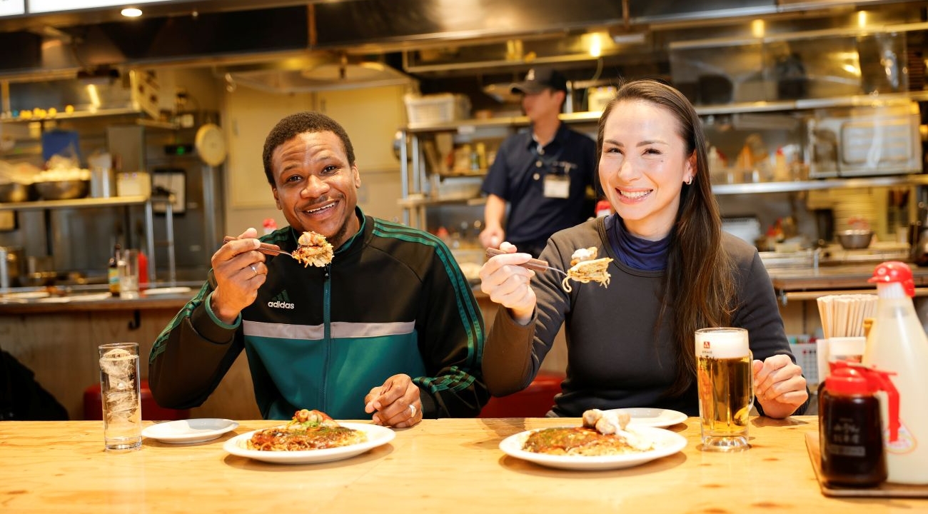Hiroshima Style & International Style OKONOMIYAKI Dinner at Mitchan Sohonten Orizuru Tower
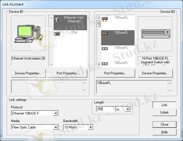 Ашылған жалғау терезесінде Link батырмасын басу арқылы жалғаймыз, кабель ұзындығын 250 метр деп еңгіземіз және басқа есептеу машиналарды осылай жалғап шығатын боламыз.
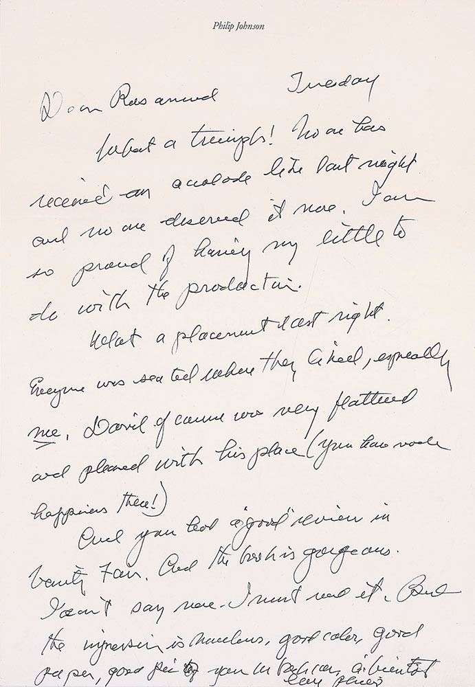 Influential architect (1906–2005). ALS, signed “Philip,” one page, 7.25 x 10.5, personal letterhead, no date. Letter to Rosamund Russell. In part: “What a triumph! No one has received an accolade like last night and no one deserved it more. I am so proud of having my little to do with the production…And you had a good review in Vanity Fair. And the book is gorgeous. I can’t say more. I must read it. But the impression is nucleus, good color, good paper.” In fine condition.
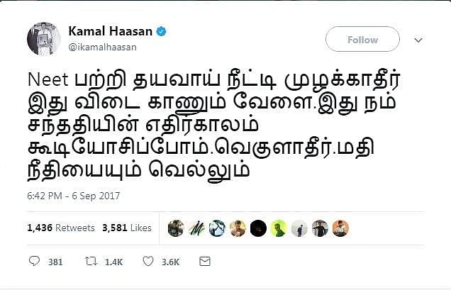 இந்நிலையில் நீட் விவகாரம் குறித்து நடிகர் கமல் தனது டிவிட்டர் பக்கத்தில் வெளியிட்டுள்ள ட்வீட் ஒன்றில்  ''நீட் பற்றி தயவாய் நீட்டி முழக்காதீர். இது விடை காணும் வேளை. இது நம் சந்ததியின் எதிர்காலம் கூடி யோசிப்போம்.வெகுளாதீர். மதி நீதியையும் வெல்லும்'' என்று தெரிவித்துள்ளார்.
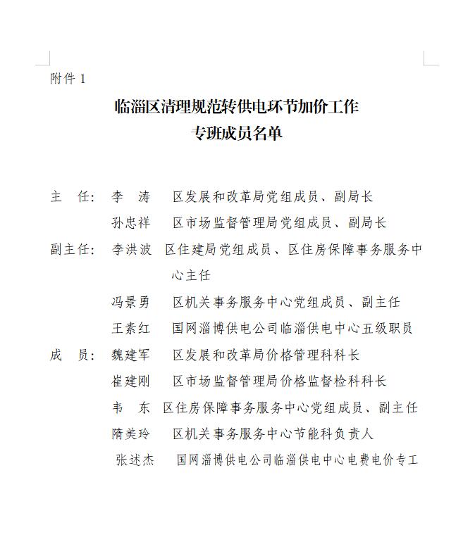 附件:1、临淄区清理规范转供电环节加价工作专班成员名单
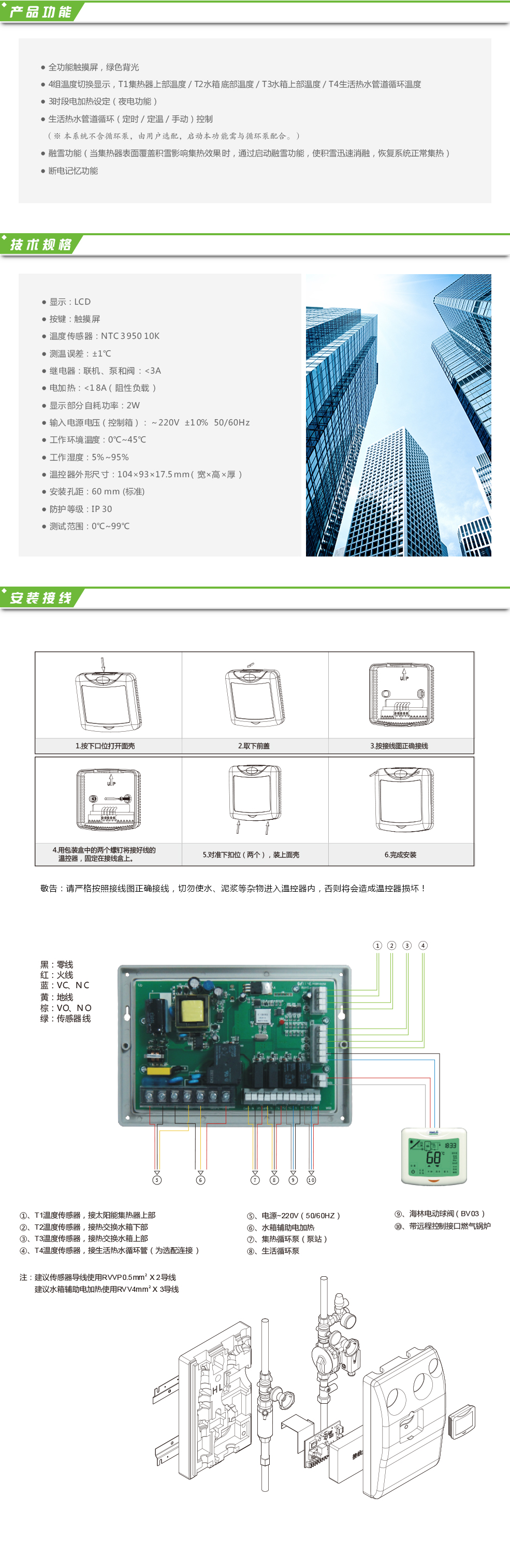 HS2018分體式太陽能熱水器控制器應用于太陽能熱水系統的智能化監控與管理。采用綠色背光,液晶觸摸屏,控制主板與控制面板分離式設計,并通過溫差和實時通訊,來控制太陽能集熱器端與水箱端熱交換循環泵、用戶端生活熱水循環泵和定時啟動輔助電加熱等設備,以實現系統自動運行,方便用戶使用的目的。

## The problem
Your answer should hold only the lines from the line with "附件:1、临淄区清理规范转供电环节加价工作专班成员名单" through the closing line of the records, restated exactly and free of pictures.

## Result below
 附件:1、临淄区清理规范转供电环节加价工作专班成员名单
 HS2018分體式太陽能熱水器控制器應用于太陽能熱水系統的智能化監控與管理。采用綠色背光,液晶觸摸屏,控制主板與控制面板分離式設計,并通過溫差和實時通訊,來控制太陽能集熱器端與水箱端熱交換循環泵、用戶端生活熱水循環泵和定時啟動輔助電加熱等設備,以實現系統自動運行,方便用戶使用的目的。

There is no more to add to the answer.